5. Virus temporal dynamics/structure (lines 205-223 and Suppl Figure 6): I suggest explaining in the main text what authors mean with "temporal dynamics" or "temporal structure." My understanding is that the root-to-tip distance in phylogenetic trees reflects the number of substitutions in a lineage. Why would this be related to sampling times? I believe you would expect a strong dependency between root-to-tip distances and sampling times if, within each lineage, substitution rates accrued with time and did not depend on other factors. However, at least across mammal lineages, we know that this is not the case because life-history traits, mutation rate modifiers, and effective population sizes are thought to drive variation in the root-to-tip distances across lineages. I wonder if this also applies to viruses. On a related note, even considering this relationship between root-to-tip distances and sampling time to be perfect, I am not sure how it informs about temporal dynamics or temporal structure. Unless this is something well established in the field, I would suggest explaining the rationale behind this analysis. My understanding is that other types of analysis would better characterize the temporal structure. For instance, wouldn't an ADMIXTURE or STRUCTURE analysis be a better choice to characterize temporal structure? Or alternatively, using phylogenetic trees, wouldn't it be better to use the pattern of lineage clustering as an indication for temporal structure (i.e., when lineages from the same time transect cluster together)? Additionally, I strongly suggest the authors further discuss their results in their manuscript. For instance, what does it mean that the HBV does not have a temporal structure while B19V has one? What does it mean that genotype A has a stronger temporal signal than all HBV genotypes together? What does this analysis say about the HBV and B19V lineages found in these human remains in relation to others from the Americas and Africa?

6. I appreciate the paragraph starting at the end of page 15 that explains the introduction of these pathogens is a consequence of the slave trade and not the African peoples themselves. All aDNA studies would benefit from this type of observation that prevents both the misinterpretation of the research results and the stigmatization of the human subjects/communities involved.

Reviewer #2:

In this paper, Guzman-Solis and colleagues present a study of the host genetic origins, and selected viral pathogens, of a group of individuals buried in two cemeteries soon after the arrival of European colonisers in Mexico. The paper provides an important insight into the health of people who are often little thought of in conversations about disease brought by European colonisers to the Americas: enslaved and forcibly transported Africans and their descendants. They identify three individuals with parvovirus B19 infections and one person infected with hepatitis B virus. These viruses have been notoriously difficult to accurately date using molecular clock analysis of modern, circulating strains, and thus direct ancient DNA evidence is a very important way of identifying these viral pathogens (which do not leave obvious palaeopathological traces) and dating important events in their evolution and spread.

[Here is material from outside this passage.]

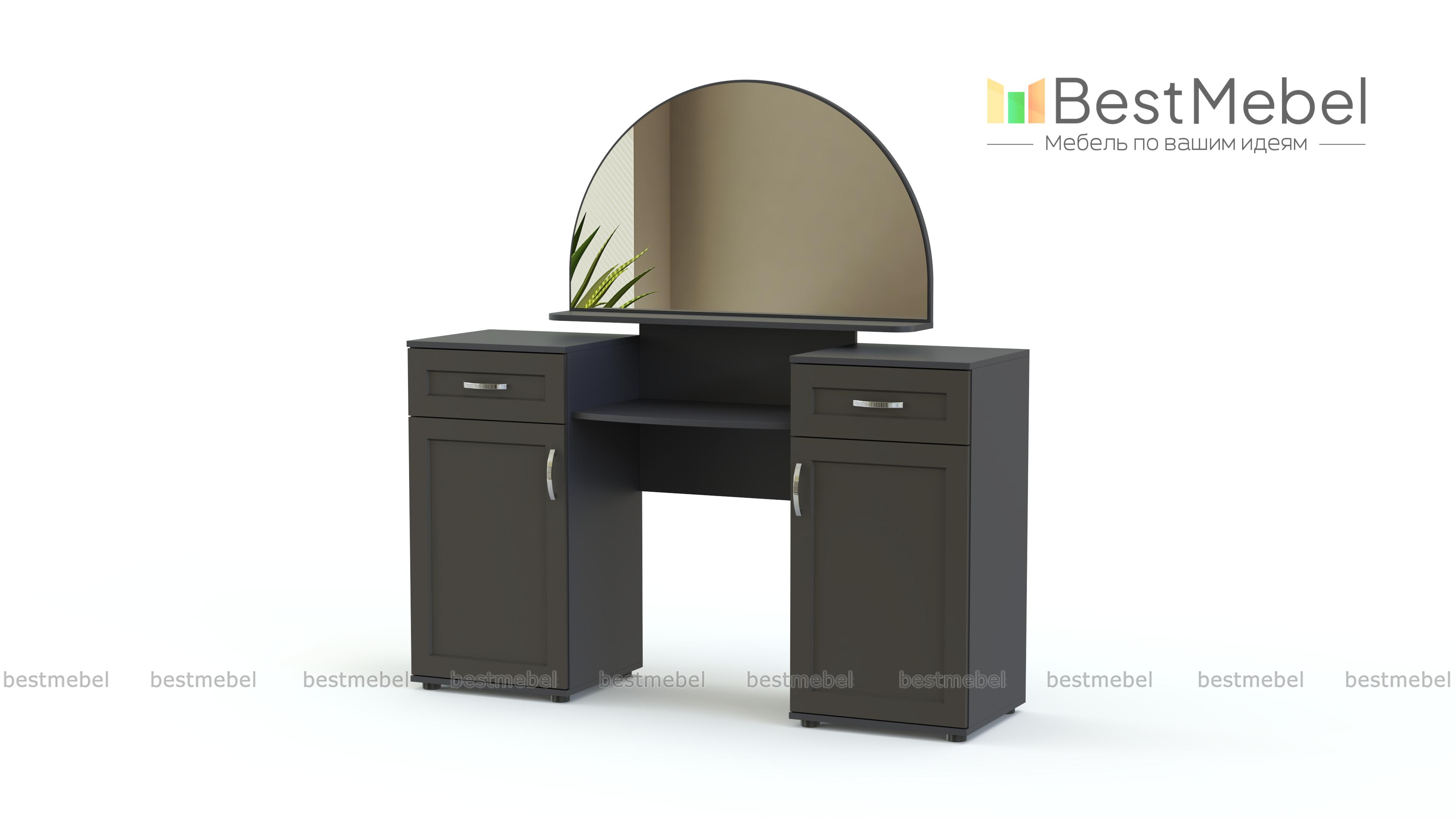 В этой модели элегантность стиля модерн сочетается с функциональностью современной вещи. Полукруглое зеркало, на полке которого будут оригинально смотреться парфюмерные флаконы, гармонирует со скругленной полочкой – столешницей. По бокам расположены вместительные тумбы с распашными дверцами и выдвижными ящиками для косметики и украшений. Фасады просто декорированы, фурнитура неброская и стильная. Приобрести туалетный столик Ника-Люкс BMS в подходящем цвете вы сможете у нас в интернет – магазине.

This paper also presents an example of how to ask questions about infectious disease in the past, and shows the difficulty of trying to identify historical or ancient pathogens even where palaeopathological and written records exist. The authors include much discussion of cocoliztli (what is in the historical record, what theories have been proposed) but this paper is not really an answer to which pathogen(s) caused cocoliztli or whether the individuals studied died of cocoliztli. Ancient DNA studies of infectious diseases are always affected by our current limitations of studying only pathogens with a DNA genome (or a partial DNA stage of their life cycle). Whereas many hypotheses about cocoliztli suggest it was caused by an RNA virus, which would not preserve well in human remains over hundreds of years. The work of the authors points to a view that Europeans - and forcibly transported Africans - brought a package of diseases with them to the Americas. If cocoliztli is in fact a polymicrobial infection or a name for a series of independent epidemics, this will shape how ancient DNA studies of this period of time are conducted in future.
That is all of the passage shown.